Available records:
○ ○ ○ ○

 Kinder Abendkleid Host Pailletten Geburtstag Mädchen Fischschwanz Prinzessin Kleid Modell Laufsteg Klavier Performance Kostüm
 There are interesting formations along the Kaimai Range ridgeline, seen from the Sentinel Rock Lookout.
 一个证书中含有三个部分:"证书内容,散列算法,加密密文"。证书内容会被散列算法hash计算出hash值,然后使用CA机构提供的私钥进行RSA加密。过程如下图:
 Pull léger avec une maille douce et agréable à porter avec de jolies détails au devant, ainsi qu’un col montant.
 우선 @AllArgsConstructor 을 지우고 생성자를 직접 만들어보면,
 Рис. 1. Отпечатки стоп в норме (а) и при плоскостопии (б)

○ ○ ○ ○

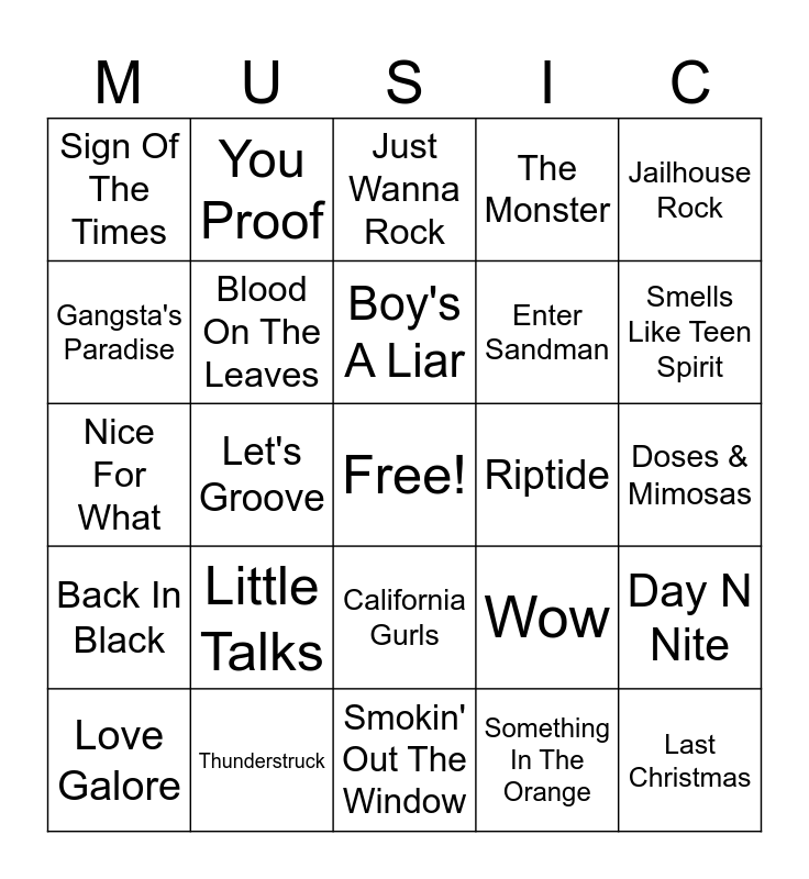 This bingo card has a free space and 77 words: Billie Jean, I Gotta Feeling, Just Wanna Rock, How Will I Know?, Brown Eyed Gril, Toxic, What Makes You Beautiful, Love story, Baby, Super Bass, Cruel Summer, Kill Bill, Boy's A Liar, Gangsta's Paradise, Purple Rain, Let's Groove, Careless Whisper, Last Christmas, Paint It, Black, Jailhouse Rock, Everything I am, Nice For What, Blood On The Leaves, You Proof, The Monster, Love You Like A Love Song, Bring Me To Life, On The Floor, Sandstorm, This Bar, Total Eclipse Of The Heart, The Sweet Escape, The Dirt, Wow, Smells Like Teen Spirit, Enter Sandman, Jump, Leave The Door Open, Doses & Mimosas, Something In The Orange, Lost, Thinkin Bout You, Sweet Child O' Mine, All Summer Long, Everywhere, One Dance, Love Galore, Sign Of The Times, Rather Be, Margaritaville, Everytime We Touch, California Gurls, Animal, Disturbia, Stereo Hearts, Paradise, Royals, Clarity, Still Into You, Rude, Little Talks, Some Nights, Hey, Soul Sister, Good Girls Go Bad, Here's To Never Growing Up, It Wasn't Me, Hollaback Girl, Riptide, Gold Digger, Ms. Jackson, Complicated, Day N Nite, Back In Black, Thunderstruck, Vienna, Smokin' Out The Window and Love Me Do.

○ ○ ○ ○

Requirement:
Retype the entries above exactly, but only from the line containing "Pull léger avec" through the line containing "Рис. 1. Отпечатки", both included.

Reply to the task:
 Pull léger avec une maille douce et agréable à porter avec de jolies détails au devant, ainsi qu’un col montant.
 우선 @AllArgsConstructor 을 지우고 생성자를 직접 만들어보면,
 Рис. 1. Отпечатки стоп в норме (а) и при плоскостопии (б)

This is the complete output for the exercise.